Therefore, the enhanced enzymatic activities for sucrose and starch synthesis correlate with the high content of sucrose, amylose, http://www.selleckchem.com/products/Perifosine.html and starch in CSSL50 1 In CSSL50 1, the enhancement of sucrose and starch seems to be accompanied by a metabolic dis order of cell wall related polysaccharides. First, two cellulose synthase genes were down regulated which may reduce cellulose synthesis, Second, up regulation of a L arabinofuranosidase and a D xylosidase and down regulation of an xylanase inhibitor protein may promote hydrolysis of hemicellulose. These observations seem to suggest that the enhancement of sucrose and starch synthesis is at the cost of cell wall related non storage polysaccharides in CSSL50 1. Such carbohydrate metabolism disorders may significantly contribute to the endosperm chalkiness during grain ripening.

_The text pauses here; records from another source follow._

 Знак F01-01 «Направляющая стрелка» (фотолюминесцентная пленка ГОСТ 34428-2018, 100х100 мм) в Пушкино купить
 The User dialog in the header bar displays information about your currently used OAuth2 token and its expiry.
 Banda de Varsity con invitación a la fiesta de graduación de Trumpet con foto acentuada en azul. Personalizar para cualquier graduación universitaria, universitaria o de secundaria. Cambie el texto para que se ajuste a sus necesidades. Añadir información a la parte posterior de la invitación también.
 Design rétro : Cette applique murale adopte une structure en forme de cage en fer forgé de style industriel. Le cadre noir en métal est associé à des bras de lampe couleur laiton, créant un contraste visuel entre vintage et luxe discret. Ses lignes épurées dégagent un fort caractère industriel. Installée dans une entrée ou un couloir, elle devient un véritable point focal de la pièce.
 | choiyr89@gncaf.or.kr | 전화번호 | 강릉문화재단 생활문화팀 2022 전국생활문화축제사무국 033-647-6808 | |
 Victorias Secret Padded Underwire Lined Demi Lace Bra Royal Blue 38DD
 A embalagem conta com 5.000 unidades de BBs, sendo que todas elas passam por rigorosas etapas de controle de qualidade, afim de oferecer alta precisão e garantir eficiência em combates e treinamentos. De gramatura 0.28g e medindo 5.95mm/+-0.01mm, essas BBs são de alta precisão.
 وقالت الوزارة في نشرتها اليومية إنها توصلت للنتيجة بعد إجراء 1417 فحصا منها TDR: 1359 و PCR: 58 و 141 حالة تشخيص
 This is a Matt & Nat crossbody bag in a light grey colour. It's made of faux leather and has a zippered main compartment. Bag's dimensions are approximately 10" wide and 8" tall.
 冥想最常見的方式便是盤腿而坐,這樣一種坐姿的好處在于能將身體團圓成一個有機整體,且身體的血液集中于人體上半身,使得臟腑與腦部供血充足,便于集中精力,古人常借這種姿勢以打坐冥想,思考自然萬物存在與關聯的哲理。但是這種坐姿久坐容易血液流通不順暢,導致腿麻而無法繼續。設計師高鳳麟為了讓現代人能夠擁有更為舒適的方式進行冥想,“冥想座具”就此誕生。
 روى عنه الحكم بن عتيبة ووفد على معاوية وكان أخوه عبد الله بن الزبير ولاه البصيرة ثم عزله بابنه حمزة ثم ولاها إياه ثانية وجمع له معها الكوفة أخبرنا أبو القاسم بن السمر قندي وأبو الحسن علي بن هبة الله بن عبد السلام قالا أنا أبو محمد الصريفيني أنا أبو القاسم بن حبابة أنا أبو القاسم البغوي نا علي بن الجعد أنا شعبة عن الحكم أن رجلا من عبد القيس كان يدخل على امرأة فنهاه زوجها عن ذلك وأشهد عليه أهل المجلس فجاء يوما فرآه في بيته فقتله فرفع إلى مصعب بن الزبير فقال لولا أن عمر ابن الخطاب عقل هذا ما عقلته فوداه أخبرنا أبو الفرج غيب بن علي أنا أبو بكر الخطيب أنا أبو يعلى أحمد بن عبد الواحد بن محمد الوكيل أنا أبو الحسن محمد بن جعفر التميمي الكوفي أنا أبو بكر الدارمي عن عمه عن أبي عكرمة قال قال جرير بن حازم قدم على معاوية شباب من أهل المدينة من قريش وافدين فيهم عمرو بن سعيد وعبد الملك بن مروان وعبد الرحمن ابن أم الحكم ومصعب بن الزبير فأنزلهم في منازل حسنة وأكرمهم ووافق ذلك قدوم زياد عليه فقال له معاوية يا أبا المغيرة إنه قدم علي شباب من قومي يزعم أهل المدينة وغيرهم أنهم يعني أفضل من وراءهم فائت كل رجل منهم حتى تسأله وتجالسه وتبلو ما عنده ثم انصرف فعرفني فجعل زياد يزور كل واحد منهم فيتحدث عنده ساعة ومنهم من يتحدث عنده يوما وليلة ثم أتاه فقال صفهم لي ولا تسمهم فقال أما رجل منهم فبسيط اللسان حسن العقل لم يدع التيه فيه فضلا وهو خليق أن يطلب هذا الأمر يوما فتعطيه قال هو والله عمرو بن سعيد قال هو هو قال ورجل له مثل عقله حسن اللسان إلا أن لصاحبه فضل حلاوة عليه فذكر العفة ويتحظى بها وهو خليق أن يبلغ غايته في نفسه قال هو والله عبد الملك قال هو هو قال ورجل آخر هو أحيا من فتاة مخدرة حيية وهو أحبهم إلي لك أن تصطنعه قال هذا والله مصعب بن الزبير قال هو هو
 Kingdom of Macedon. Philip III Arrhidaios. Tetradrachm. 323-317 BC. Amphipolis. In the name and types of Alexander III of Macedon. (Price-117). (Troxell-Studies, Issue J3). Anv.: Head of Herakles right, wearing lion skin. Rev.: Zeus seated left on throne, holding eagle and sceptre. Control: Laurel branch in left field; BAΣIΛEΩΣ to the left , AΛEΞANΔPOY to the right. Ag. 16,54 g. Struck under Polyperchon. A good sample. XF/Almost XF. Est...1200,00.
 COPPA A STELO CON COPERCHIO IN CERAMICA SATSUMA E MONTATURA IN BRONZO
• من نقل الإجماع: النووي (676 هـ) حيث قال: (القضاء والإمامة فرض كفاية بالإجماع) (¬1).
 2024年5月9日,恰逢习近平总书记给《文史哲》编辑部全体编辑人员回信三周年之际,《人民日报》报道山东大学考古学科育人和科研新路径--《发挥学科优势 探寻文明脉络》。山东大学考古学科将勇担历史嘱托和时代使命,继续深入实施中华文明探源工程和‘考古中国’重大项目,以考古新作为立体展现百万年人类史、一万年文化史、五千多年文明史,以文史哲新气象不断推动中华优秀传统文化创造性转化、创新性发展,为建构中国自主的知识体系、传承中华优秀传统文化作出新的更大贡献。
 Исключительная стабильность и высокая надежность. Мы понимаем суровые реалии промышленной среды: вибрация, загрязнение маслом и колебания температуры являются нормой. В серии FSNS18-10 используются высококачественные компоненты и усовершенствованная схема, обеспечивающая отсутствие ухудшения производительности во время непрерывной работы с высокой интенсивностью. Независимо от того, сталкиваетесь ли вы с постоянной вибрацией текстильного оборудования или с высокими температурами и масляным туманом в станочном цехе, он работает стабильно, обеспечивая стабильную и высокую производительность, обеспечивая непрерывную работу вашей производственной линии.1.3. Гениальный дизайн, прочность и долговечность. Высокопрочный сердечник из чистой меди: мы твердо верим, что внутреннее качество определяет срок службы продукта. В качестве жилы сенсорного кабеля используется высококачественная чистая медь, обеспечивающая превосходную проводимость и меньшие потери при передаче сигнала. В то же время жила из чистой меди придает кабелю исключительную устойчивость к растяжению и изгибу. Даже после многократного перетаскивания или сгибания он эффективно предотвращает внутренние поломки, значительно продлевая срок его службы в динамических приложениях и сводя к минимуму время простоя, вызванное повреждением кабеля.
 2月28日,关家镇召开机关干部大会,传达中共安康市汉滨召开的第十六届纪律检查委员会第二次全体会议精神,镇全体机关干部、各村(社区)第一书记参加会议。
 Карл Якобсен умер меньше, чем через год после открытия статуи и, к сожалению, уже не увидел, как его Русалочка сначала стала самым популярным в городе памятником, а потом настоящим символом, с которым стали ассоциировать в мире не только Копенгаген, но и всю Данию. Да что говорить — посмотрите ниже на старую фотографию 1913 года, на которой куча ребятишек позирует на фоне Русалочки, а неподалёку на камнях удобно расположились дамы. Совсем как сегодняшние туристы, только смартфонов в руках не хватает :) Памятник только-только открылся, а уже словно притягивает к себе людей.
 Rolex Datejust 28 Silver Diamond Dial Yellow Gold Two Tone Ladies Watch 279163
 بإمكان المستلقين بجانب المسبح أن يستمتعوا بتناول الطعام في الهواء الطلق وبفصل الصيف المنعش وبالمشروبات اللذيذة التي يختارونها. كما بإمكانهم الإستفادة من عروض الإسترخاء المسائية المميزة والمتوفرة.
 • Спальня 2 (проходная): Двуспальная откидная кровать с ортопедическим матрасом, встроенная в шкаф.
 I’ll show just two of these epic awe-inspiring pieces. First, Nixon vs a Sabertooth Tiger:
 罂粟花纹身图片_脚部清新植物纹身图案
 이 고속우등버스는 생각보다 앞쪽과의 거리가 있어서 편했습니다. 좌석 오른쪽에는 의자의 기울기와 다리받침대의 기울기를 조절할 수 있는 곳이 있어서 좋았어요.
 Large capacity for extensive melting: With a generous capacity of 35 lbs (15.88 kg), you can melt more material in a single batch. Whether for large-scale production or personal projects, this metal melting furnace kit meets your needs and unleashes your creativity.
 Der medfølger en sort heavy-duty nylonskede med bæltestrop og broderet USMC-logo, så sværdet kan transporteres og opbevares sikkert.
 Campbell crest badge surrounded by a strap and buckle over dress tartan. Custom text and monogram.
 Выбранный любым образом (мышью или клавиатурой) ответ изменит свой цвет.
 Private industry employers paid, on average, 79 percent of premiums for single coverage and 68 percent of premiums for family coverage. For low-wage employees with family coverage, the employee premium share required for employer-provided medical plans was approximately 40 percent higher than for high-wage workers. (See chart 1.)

Increased expression of redox genes and a higher level ROS homeostasis in CSSL50 1 Previous studies showed that rice grains develop chalki ness under adverse environmental conditions such as high temperatures. GO analysis also indicated signifi cant enrichment in oxidoreductase activity in Molecular Function. About 40 genes fell in the category of redox homeostasis in our manual classification of differentially expressed genes. Since reactive oxygen spe cies are well known to be involved in various stress responses, we first measured the concentration of H2O2, a common ROS, in CSSL50 1 and Asominori. The results showed that the 15 DAF grains of CSSL50 1 contained much higher H2O2 concentration than that in Asominori.
Such an imbalance in ROS con centrations and its consequence may contribute to the development of chalkiness in AV-951 grain endosperm at later developmental stages. Our microarray analysis revealed that the major enzyme responsible for converting free radicals to H2O2, the superoxide dismutase gene, is up regulated 1. 67 fold in CSSL50 1. Genes encoding five other enzymes involved in H2O2 clearance, such as peroxiredoxin, ascorbate peroxidase, monodehydroascorbate reductase, and peroxiredoxin, are also up regulated, except for two glutaredoxin genes. Additionally, four genes involved in oxidized product clearance are regulated in favor of maintaining a homeos tasis of these deleterious molecules in CSSL50 1. These are glutathione S transferase, glyoxalase, lipoxygenase 5, and thioredoxin. These enzymes function to remove oxidized proteins and lipids. Together, these observations suggest a close correlation between ROS homeostasis and grain chalkiness.